Block copolymer research has progressed enormously in the last couple decades to the point where there is impressive agreement between experiment and theory. This is demonstrated by the comparison between the experimental [1] and SCFT [2] phase diagrams for diblock copolymer melts shown in the two figures to the right. Initially the absence of a perforated-lamellar (PL) morphology from the SCFT phase diagram was attributed to a shortcoming in the theory, but it has since been realized [3] that the experimental PL phase was only metastable and converts to the gyroid (G) morphology given sufficient time. The remaining difference regarding the nature of the disorder-order transition (ODT) was attributed to the omission of fluctuation effects by the mean-field SCFT.

In principle, Monte Carlo simulations provide the most straightforward way of accounting for fluctuation effects.
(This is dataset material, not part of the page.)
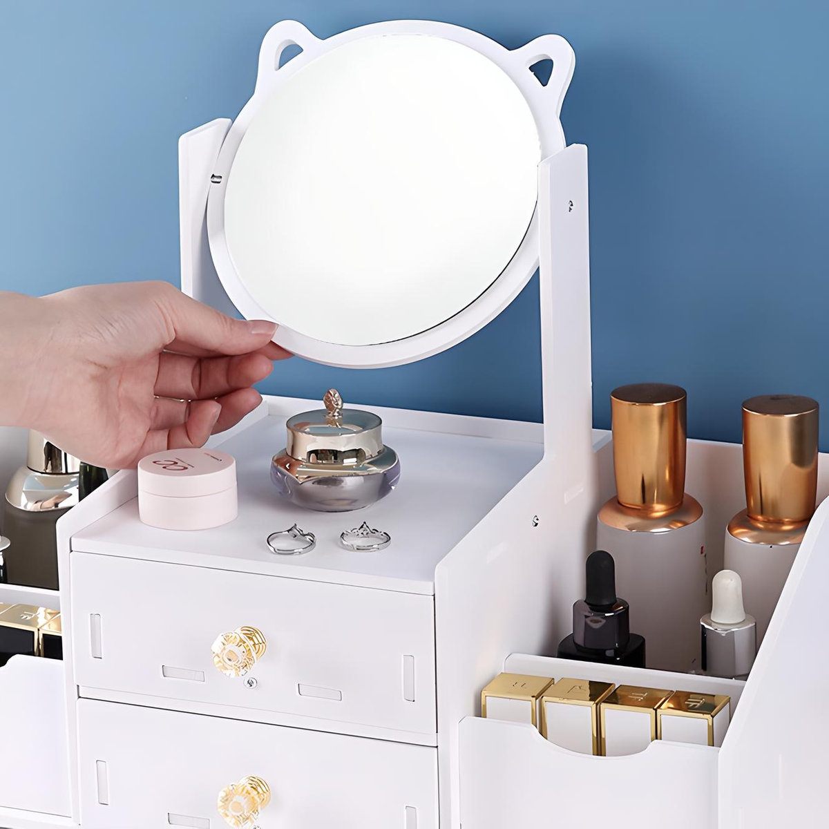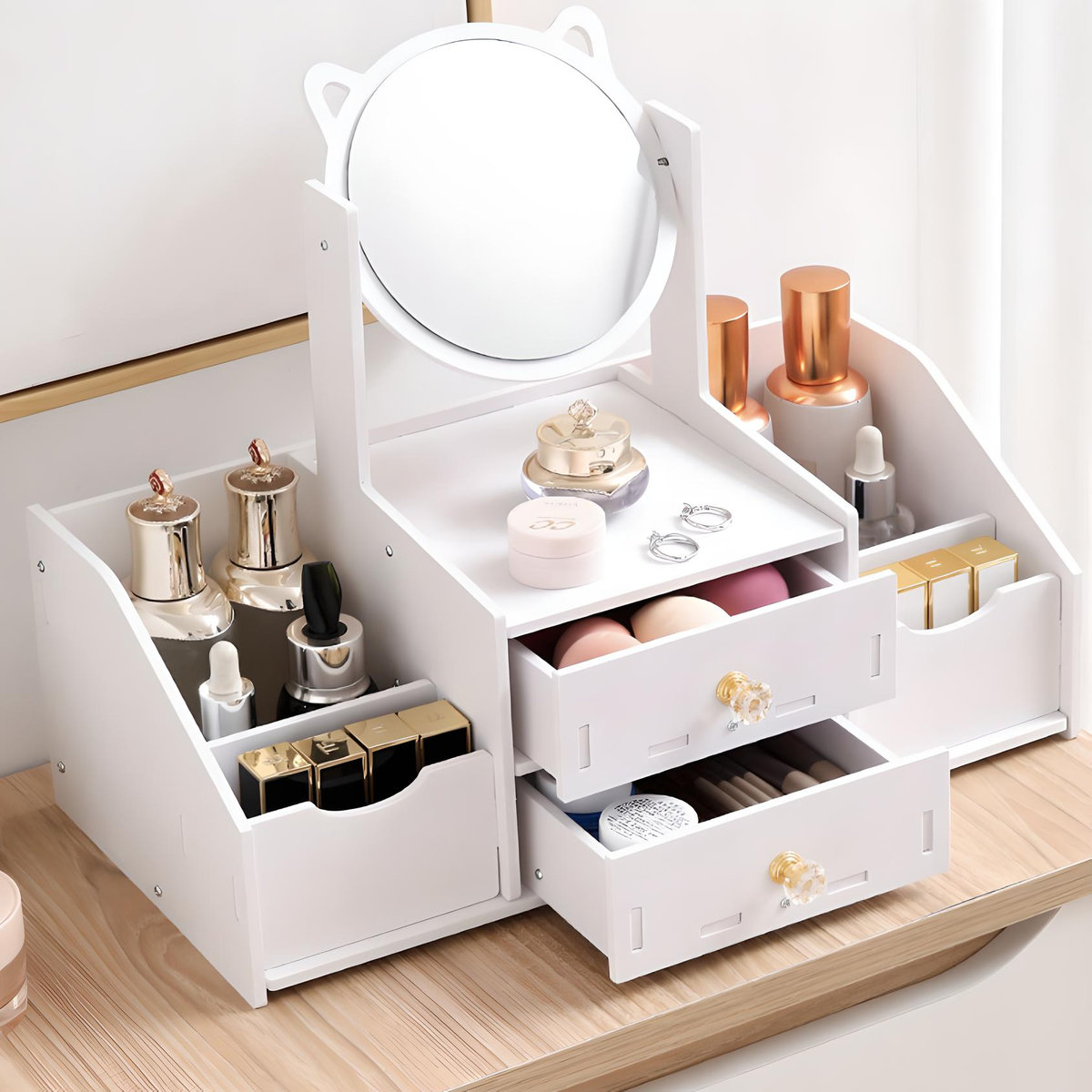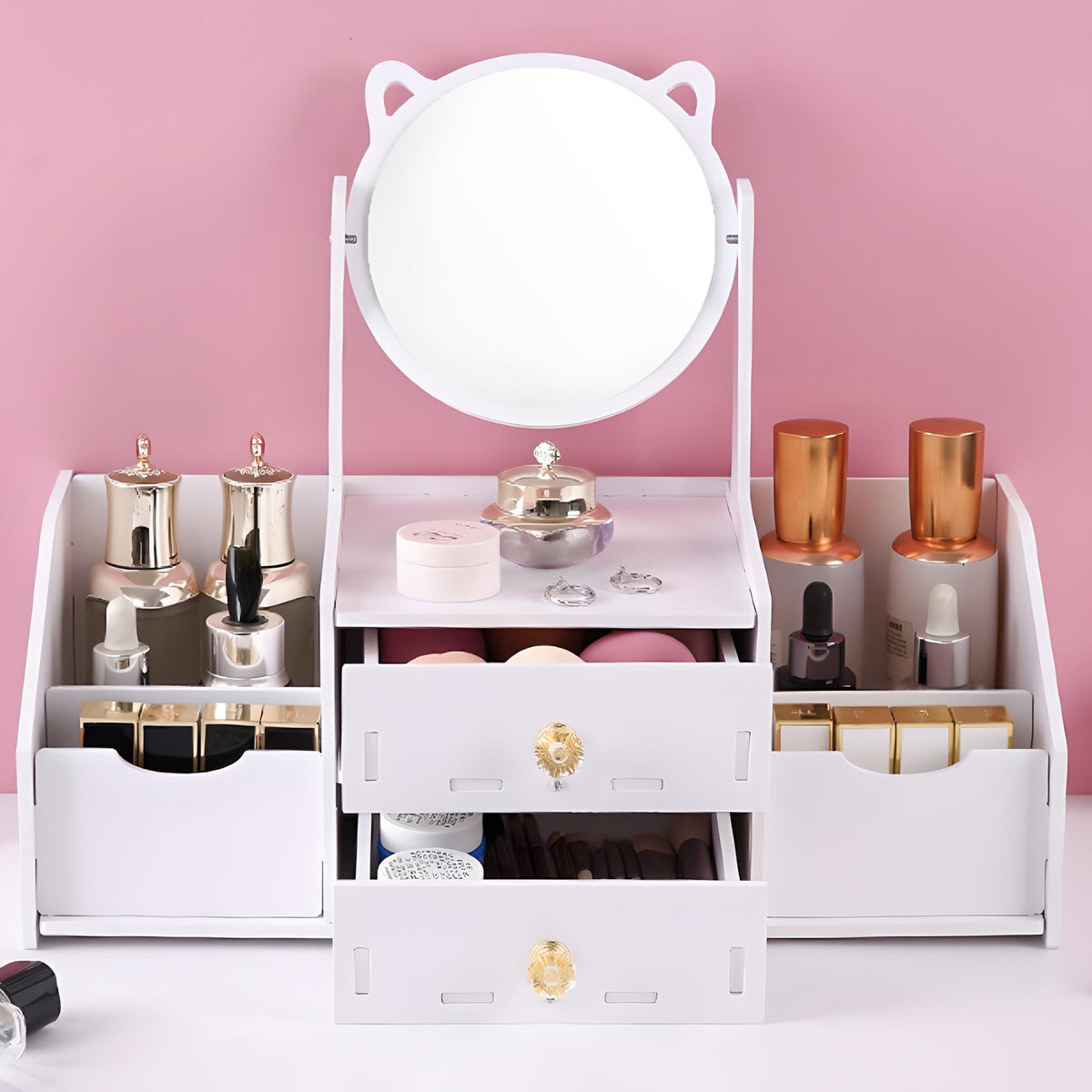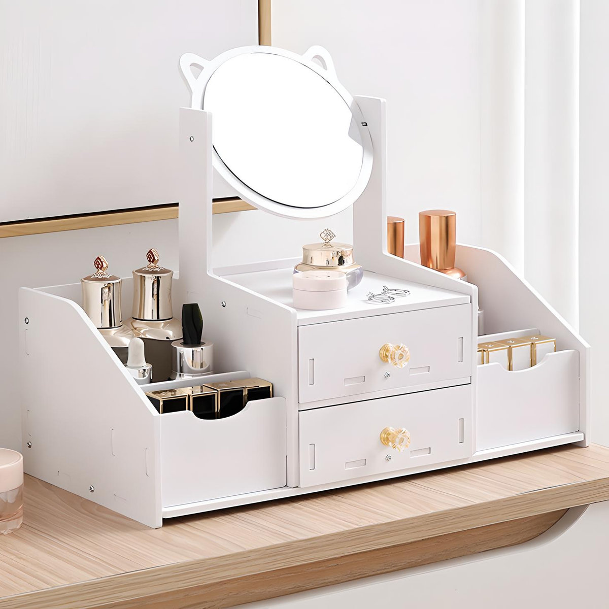 ✔️ Wyposażona jest w dwie szuflady z wygodnymi uchwytami oraz półki, które idealnie nadają się do przechowywania kosmetyków, pędzli czy biżuterii.

However, early simulations struggled to detect any definitive signature of the ODT. We originally overcame this problem with the introduction of a new order parameter [4], but now we get sufficiently good statistics with parallel tempering that we can detect to ODT from a spike in the heat capacity [5]. The resulting Monte Carlo phase diagram is shown to the right. Consistent with experiments, the disordered phase is found to exhibit direct first-order transitions to each of the ordered morphologies. This surprisingly includes small regions where the PL phase spontaneously forms. This may be a result of the relatively short chains (N=30) used in the simulations.